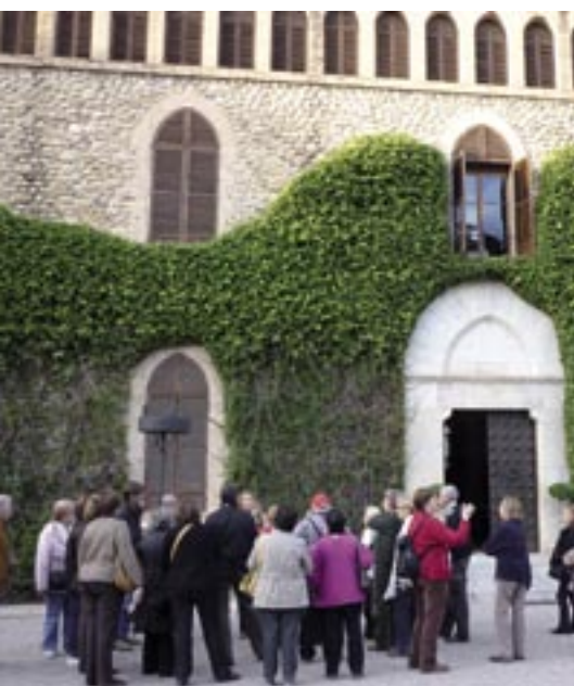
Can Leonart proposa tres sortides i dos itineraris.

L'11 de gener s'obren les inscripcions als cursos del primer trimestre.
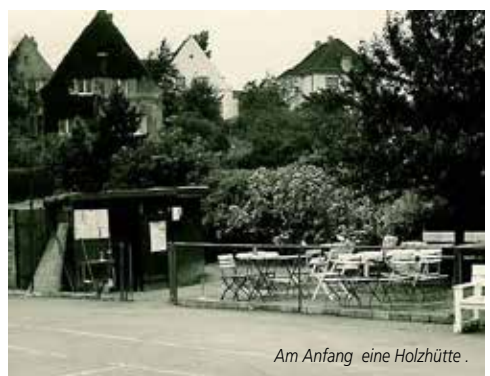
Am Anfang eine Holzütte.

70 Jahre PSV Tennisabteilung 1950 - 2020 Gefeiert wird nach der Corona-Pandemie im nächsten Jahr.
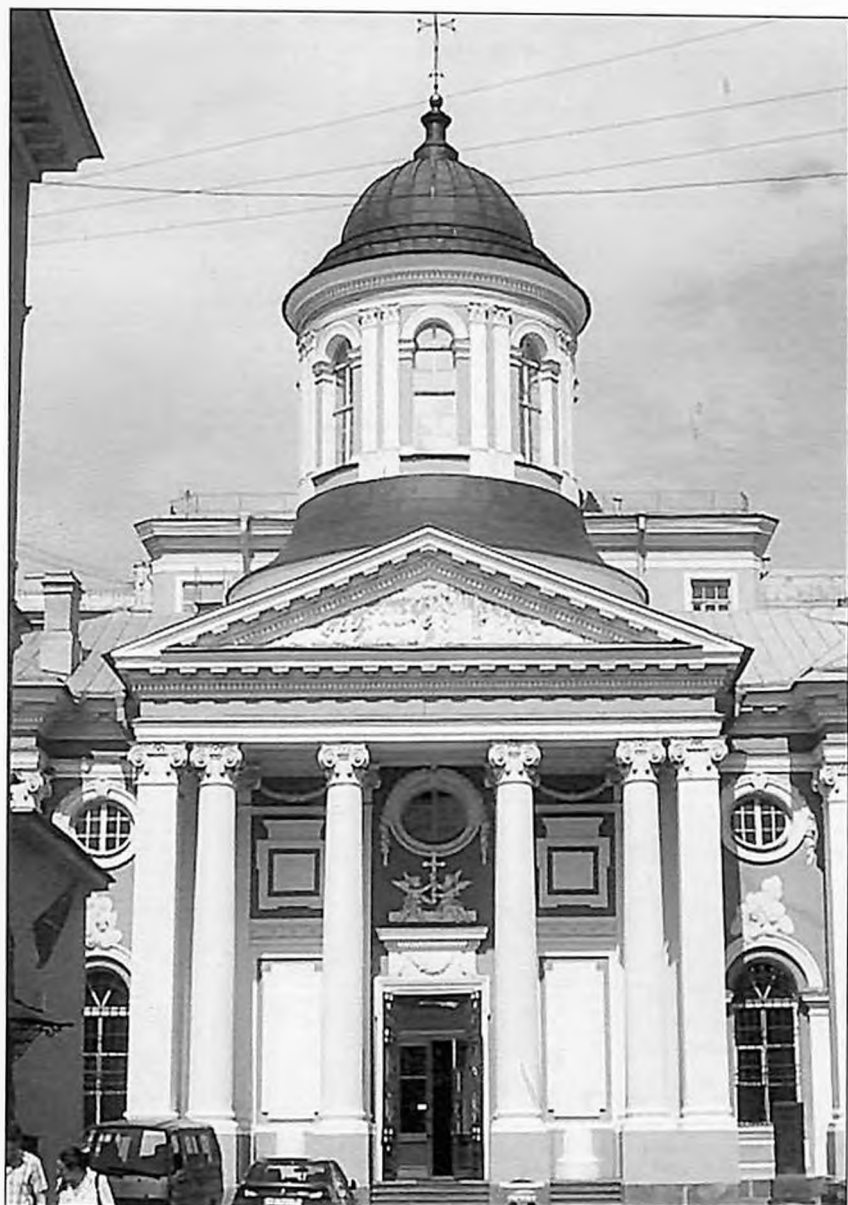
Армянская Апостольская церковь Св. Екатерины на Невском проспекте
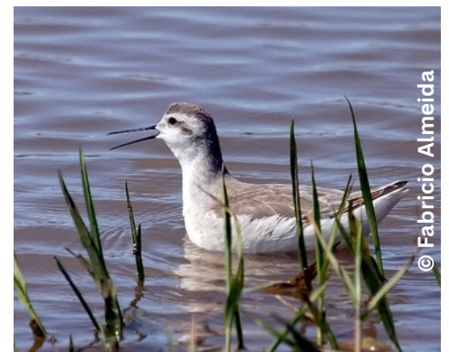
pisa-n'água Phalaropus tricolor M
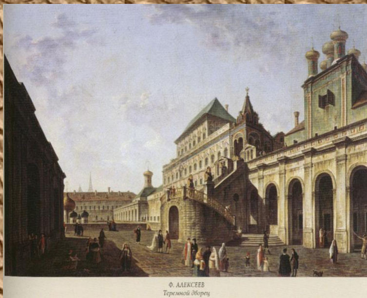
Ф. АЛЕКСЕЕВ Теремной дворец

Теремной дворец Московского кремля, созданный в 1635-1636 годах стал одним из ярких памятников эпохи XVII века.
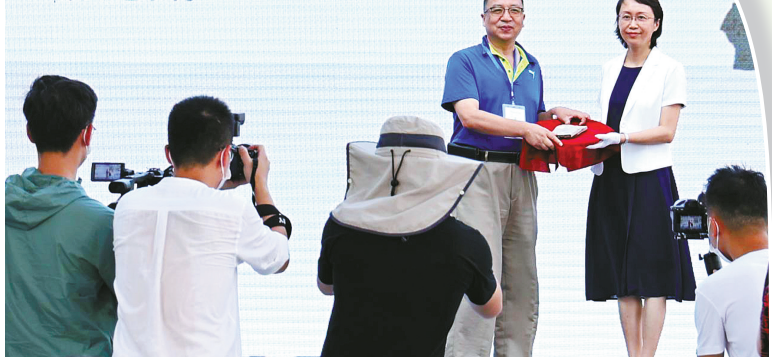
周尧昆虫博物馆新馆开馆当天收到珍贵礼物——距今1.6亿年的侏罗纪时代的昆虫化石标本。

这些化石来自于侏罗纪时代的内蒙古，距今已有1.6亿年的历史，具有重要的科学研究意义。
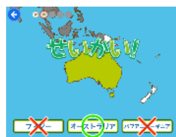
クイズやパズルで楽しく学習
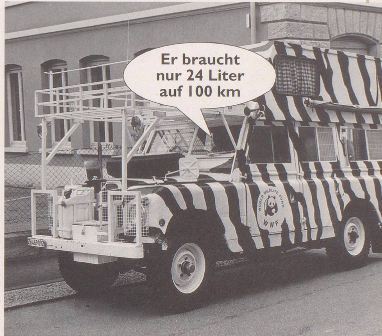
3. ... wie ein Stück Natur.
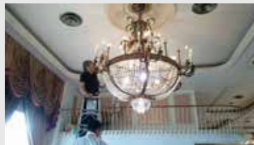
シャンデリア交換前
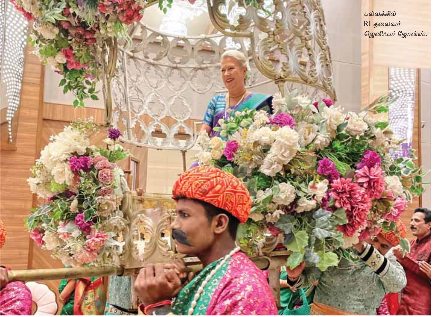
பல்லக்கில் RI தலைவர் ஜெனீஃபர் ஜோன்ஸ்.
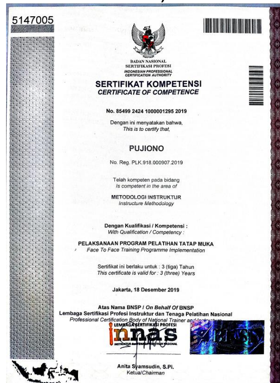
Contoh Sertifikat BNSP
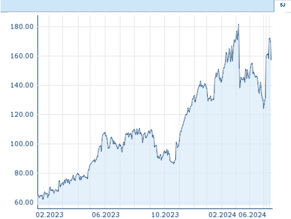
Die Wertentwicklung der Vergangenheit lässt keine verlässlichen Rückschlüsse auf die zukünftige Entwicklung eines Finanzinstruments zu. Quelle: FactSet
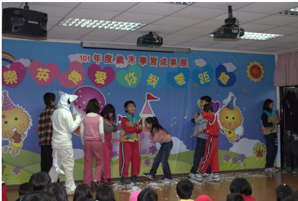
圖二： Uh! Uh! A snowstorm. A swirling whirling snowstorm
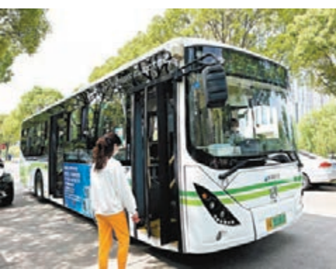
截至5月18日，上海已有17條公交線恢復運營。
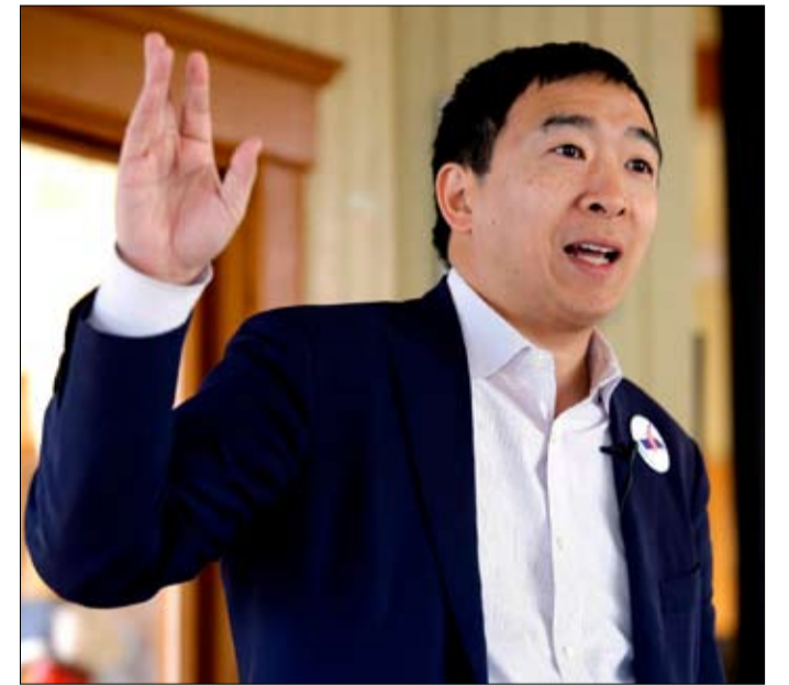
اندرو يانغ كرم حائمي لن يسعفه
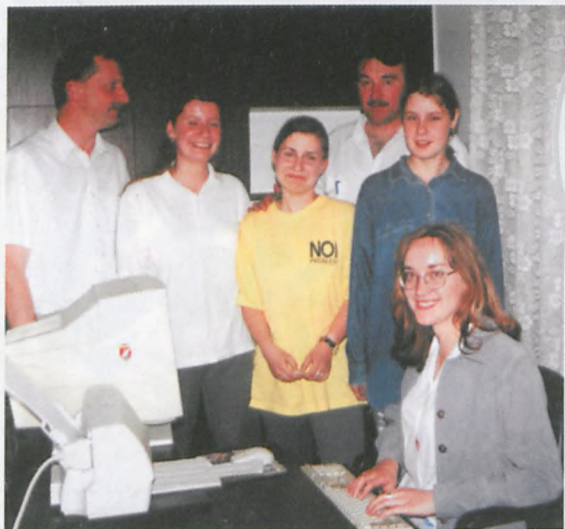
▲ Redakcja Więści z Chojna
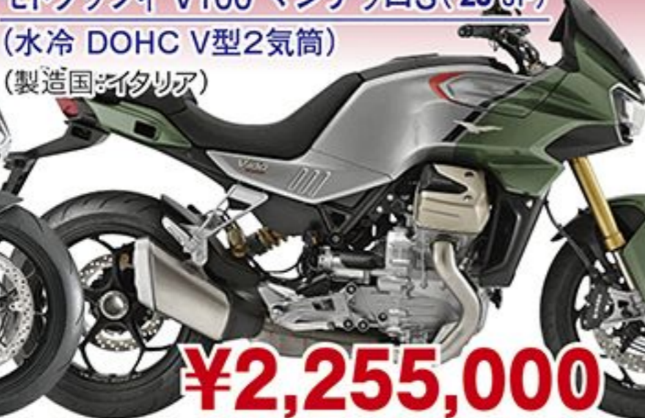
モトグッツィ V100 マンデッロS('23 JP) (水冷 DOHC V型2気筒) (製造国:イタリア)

════════

* **Description of the task**
If a line in the entries above contains the word "Теремной", count it, and give only the final number.

* **Expected output**
2